“If 100% of the people were farming, it would be ideal.” — Masanobu Fukuoka
I grow a half-dozen fruit trees along my 40-foot stretch of sidewalk. The generous fig tree just finished, two young apple trees and a pomegranate are full of bounty, and the kumquat and persimmon are ripening. As much as I love the simple act of orcharding, I’m also sharing a radical vision for food and economy in my suburban Los Angeles community of Altadena. What if all my neighbors grew food in their yards, too? What if we shared the bounty with each other? What if you could eat a delicious, varied, and healthy meal from the abundance provided by your neighborhood trees?
Forty percent of the food produced in the part of the planet we call the U.S. is wasted. Much of this waste ends up in landfills, where it produces methane, a potent greenhouse gas. The food–climate nexus is a window into a deeply broken system; studying it — and experimenting with alternative economics within our communities — can reveal solutions that benefit everyone.
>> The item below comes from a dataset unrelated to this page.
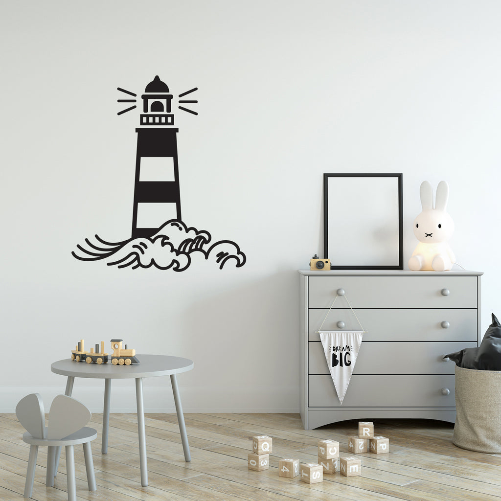 This cute decal "Lighthouse Waves"; is the perfect touch for your home. Use it for your playroom; kids room or anywhere you want to bring some extra cute decoration. It's a vinyl sticker that is easy to put on any smooth and dry surface. Our modern designs don't just brighten up the room; but brighten up the day. Using top of the line vinyl across all of our production allows us to be the leaders in quality and design.

Consider the gift economy, brilliantly on display every Sunday in the Fruitvale neighborhood of Oakland, California. Pancho Ramos-Stierle is a driving force behind this free community farm stand, FrutaGift, which is painted in the colors of the season.
For over six years, Ramos-Stierle and his friends have gone to a local farmers market after closing time to help farmers clean and pack up. Farmers began offering their unsold organic fruits and vegetables for Ramos-Stierle to bring to the people in his neighborhood. Using this produce, he and his friends cook a sumptuous vegan meal that they bring the following week to share with the tired workers. A circle is created; everyone benefits. There is bounty and gratitude.
And yet, FrutaGift is just one part of a larger gift economy. Ramos-Stierle’s inspiration was the Free Farm Stand in the Mission District in San Francisco, started decades ago by a man named Tree. Says Ramos-Stierle, “I still remember the sense of awe and gratitude he evoked in me when I first met him. Like the giant redwoods and sequoias, Tree’s giant heart is filled with selfless service and love for all.”
Ramos-Stierle tries to carry this same gratitude for food and community to FrutaGift in Oakland. “Before we start distributing the food, we make a gratitude circle. We hold hands, and someone gives a blessing in their own tradition to honor all that made it possible to gather and be nourished in such a way.” Visitors to FrutaGift and the Free Farm Stand have gone on to do the same in their own communities.
Capitalism and its cash economy seem to lead inexorably to exploitation and wealth disparity, a few haves and mostly have-nots. But perhaps food can be the leading edge toward a sustainable, resilient economy of abundance.
Unlike many specialized goods and services, food is practical to barter — or, better yet, to gift. Here in Altadena, I’m part of a group that exchanges homegrown produce. We meet once a month in a local park, each bringing whatever surplus we happen to have. We create community and share abundance outside the cash economy. Imagine if instead of only one household every few blocks, all households were growing and trading food? The density of fresh, in-season produce would be so high (except perhaps for some portion of staple crops that could be grown on larger farms outside of town centers) that we’d meet each other’s needs, creating a local, waste-free, cash-free food system.
Ramos-Stierle likes to point out that an entire complex civilization, the Inca, functioned without money or markets of any kind. Everyone participated in growing food. Our societies and economies are reflections of our food systems.
I mull these things over while walking my dog, the sun setting in the L.A. sky. As I walk, I take another bite of a perfect guava, a windfall from my neighbor’s wonderful, sidewalk-facing guava tree. A gift.